Last week, BP America hired former Department of Defense spokesman, Geoff Morrell, as its head of communications.

The move sheds light on the central tenet of American national security policy dating back to President Franklin Delano Roosevelt's not-so-well-known, but crucial 1945 meeting with then King of Saudi Arabia, Ibn Saud.
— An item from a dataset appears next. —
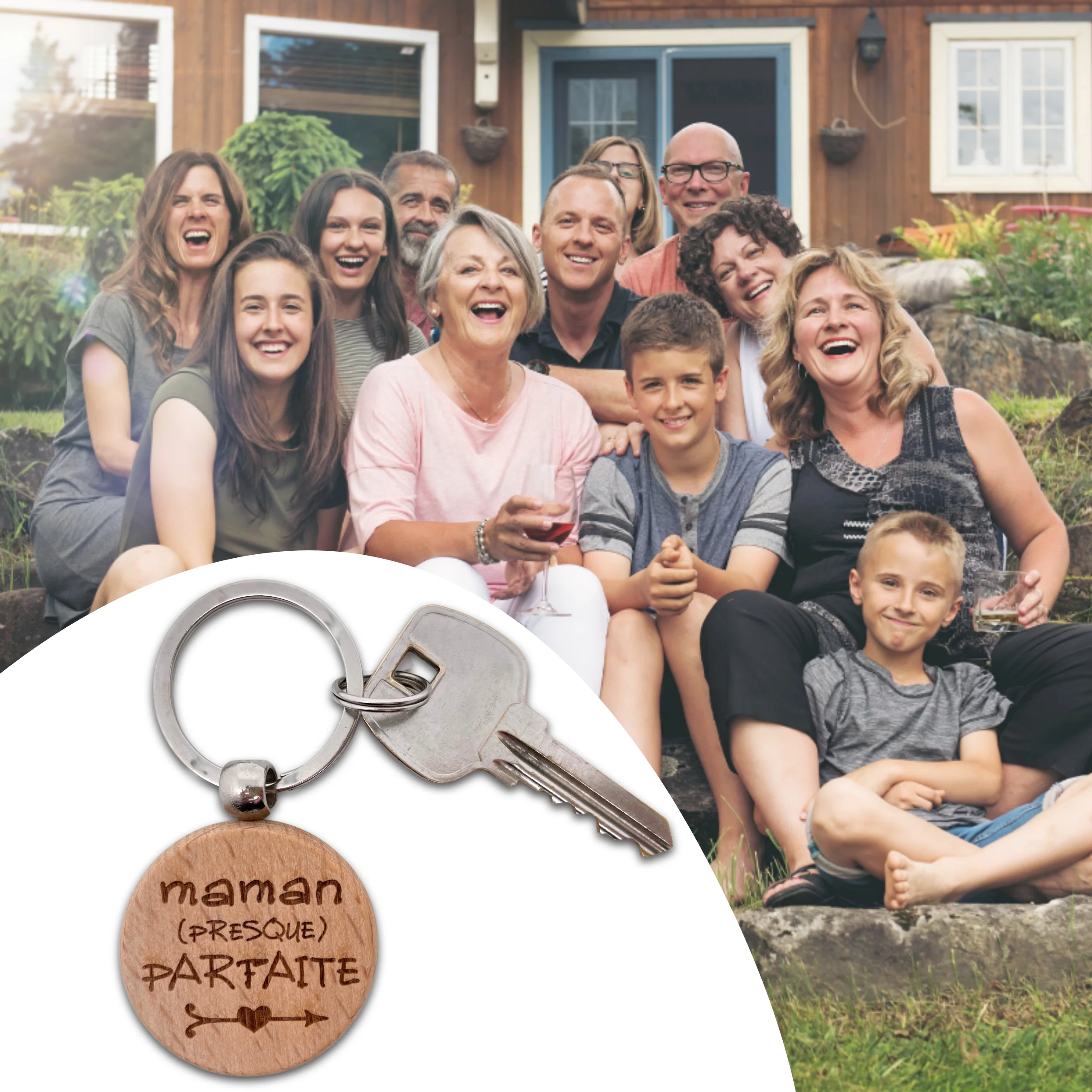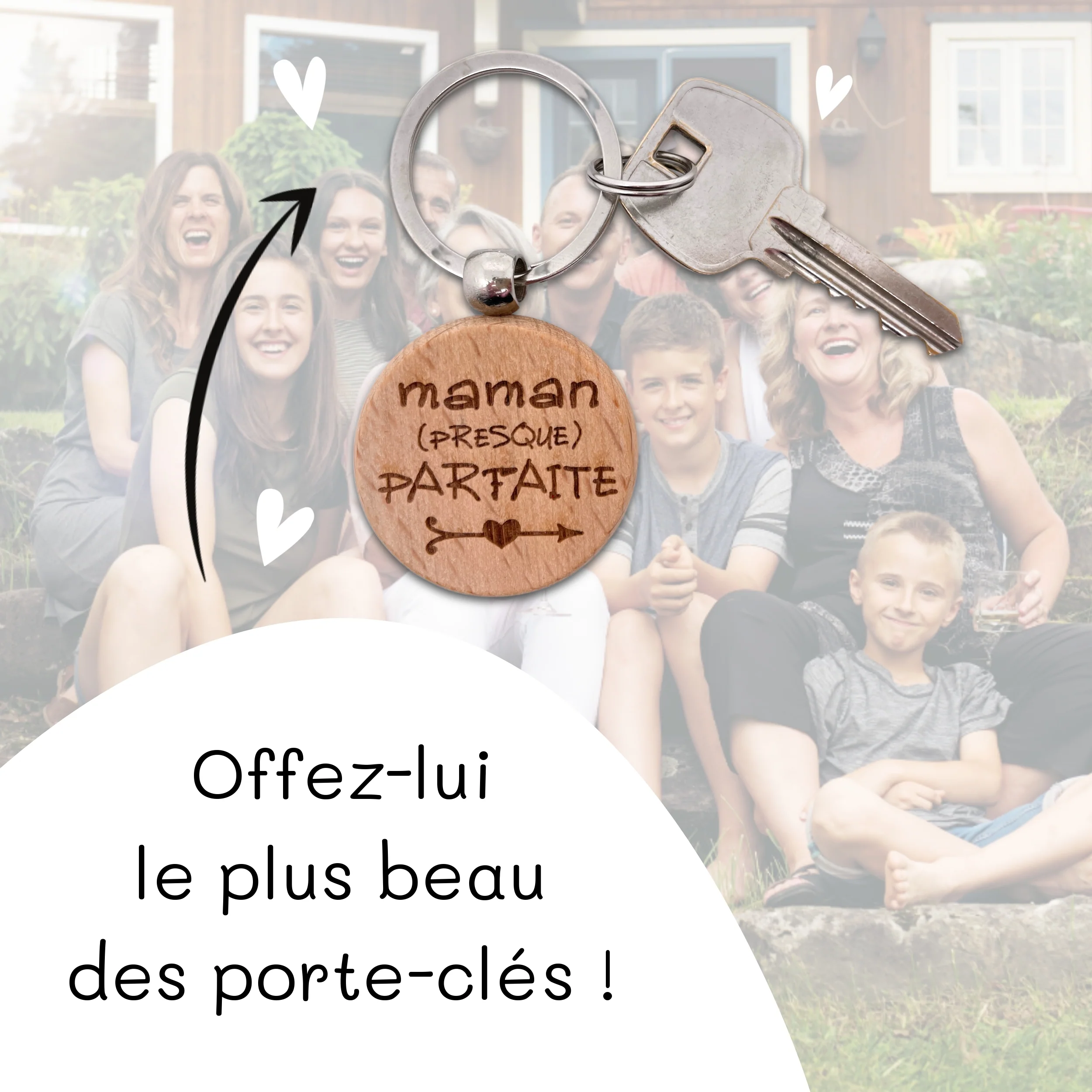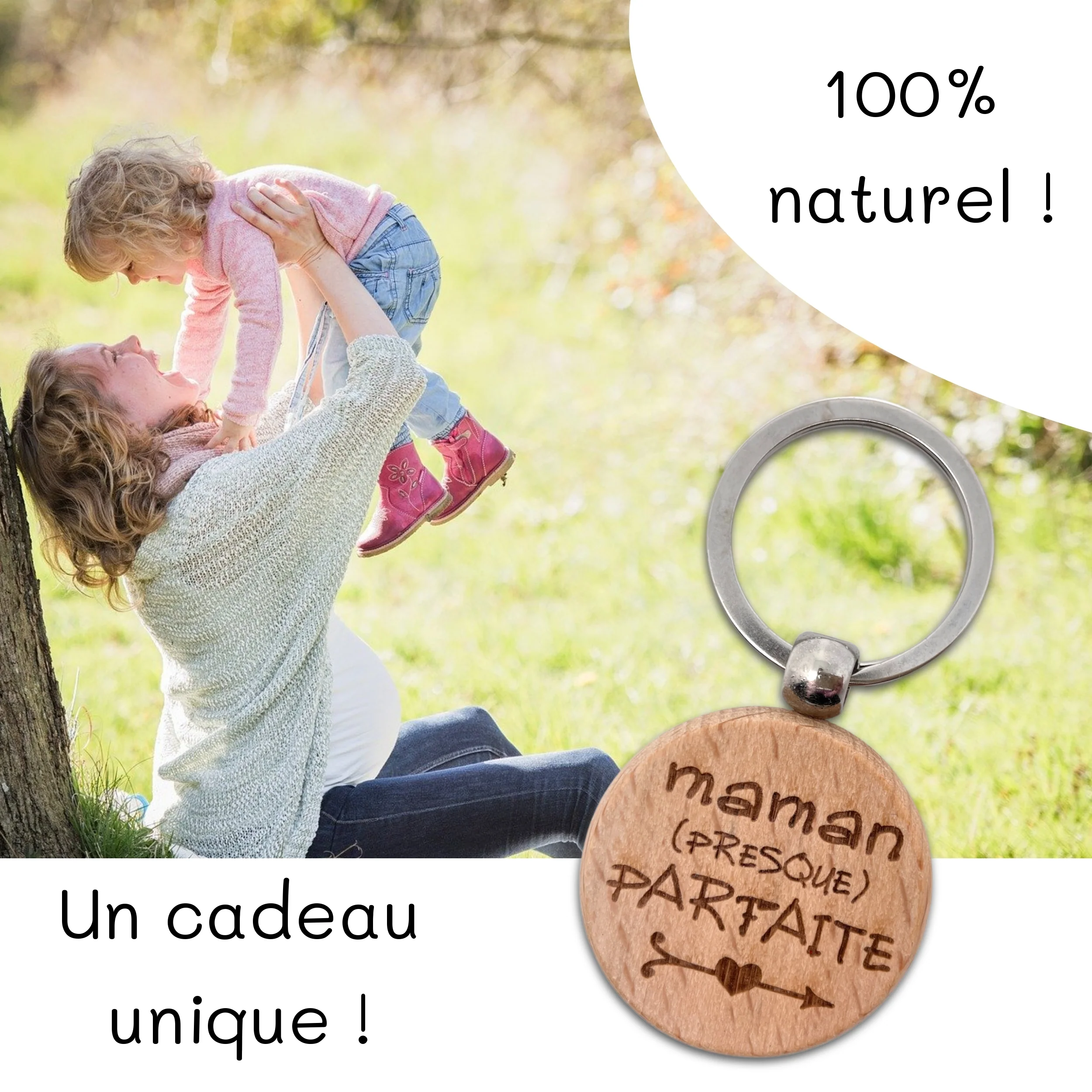 - 💝 Porte-clefs « Maman parfaite’ » 💝 : Ce magnifique porte-clefs en bois est gravé avec un message pour votre maman. Une belle attention à placer sur son trousseau afin de penser à sa famille toute la journée. Cadeau écologique et idéal pour toute occasion ! Son design émerveillera votre entourage et deviendra un souvenir des moments passés ensemble…
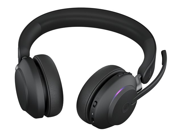Jabra Evolve2 65 MS Stereo - Headset - på örat - Bluetooth - trådlös - USB-C - ljudisolerande - svart - med laddningsställ - Certifierad för Microsoft-teams

That is, what Hampshire College Professor of Peace and World Security Studies, Michael Klare, calls a foreign policy of “Blood for Oil,” which was outlined in full as such vis-a-vis the 1980 “Carter Doctrine,” presented as part of President Jimmy Carter's 1980 State of the Union Address.

During that speech, Carter stated (emphases mine), 

Let our position be absolutely clear: An attempt by any outside force to gain control of the Persian Gulf region will be regarded as an assault on the vital interests of the United States of America, and such an assault will be repelled by any means necessary, including military force.

The Carter Doctrine made it clear that domination over the procurement of the resources of the Persian Gulf (a.k.a. oil) was a national security issue for the United States, and thus, an issue largely in the hands of the Pentagon.

A historical case study of the Carter Doctrine in action, predating its official announcement, is the BP-orchestrated 1953 U.S. Central Intelligence Agency/British MIcoup of then Iranian Prime Minister, Mohammad Mosaddegh. Contemporary case studies include the current military occupations of Iraq and Afghanistan.   

The new job for Morrell, then, is less anything “new,” and more so, a textbook example of the revolving door and “blood for oil” in-action.